This Amendment No. 1 on Form 8-K/A (the “Amendment”) amends the Current Report on Form 8-K of Biomea Fusion, Inc. (the “Company”) filed with the U.S. Securities and Exchange Commission on July 9, 2021 (the “Original Form 8-K”), which incorrectly stated that Franco Valle would be joining the Company as its Chief Executive Officer. Mr. Valle will be joining the Company as its Chief Financial Officer, Principal Financial Officer and Principal Accounting Officer. The original text of the Original Form 8-K has been restated below to reflect such correction.
Item 5.02. Departure of Directors or Certain Officers; Election of Directors; Appointment of Certain Officers; Compensatory Arrangements of Certain Officers.
On June 28, 2021, Biomea Fusion, Inc. Biomea Fusion, Inc. (“Biomea Fusion” or the “Company”) announced that Franco Valle, Chief Financial Officer, Principal Financial Officer and Principal Accounting Officer, will commence employment with the Company on July 26, 2021, as previously reported pursuant to a Current Report on Form 8-K filed by the Company on June 29, 2021.
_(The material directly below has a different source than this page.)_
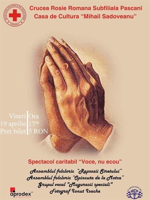 Casa de Cultura „Mihail Sadoveanu” gazduieste vineri 19 aprilie, începând cu orele 17:00, spectacolul caritabil „Voce, nu ecou!” organizat de Crucea Roșie Română Subfiliala Pașcani cu ocazia Sărbătorilor Pascale, in scopul de a ajuta o familie din satul Cozmești, Comuna Stolniceni – Prăjescu.

On July 7, 2021, Sunny Lee Ryan, Executive Vice President of Finance of the Company, notified the Company of her decision to resign her position with Company, effective July 31, 2021 (the “Effective Date”). Ms. Ryan will continue to be employed by the Company as its Executive Vice President of Finance through the Effective Date, and will remain Principal Financial Officer and Principal Accounting Officer until the commencement of Franco Valle’s employment.
On July 7, 2021, the Company entered into a Transition and Separation Agreement (the “Transition and Separation Agreement”) with Ms. Ryan, pursuant to which Ms. Ryan will continue to be employed by the Company through the Effective Date. Subject to Ms. Ryan’s continued employment through July 31, 2021, in exchange for providing a general release of claims that becomes effective and continued compliance with the Employee Proprietary Information and Inventions Agreement entered into between Ms. Ryan and the Company, Ms. Ryan will receive: (i) continued payments of her base salary for 12 months following the Effective Date; (ii) accelerated vesting of her outstanding equity awards in respect of the number of shares that would have vested had she continued to provide services for the three-month period following the Effective Date; (iii) extended exercisability of the vested portion of her options (after giving effect to the foregoing acceleration) for the 36-month period beginning on the Effective Date; and (iv) payment or reimbursement of COBRA premiums for Ms. Ryan and her covered dependents for up to 12 months following the Effective Date.
The foregoing summary of the material terms of the Transition and Separation Agreement is qualified in its entirety by the complete terms of the agreement, which will be filed as an exhibit to the Company’s quarterly report for the quarterly period ended September 30, 2021.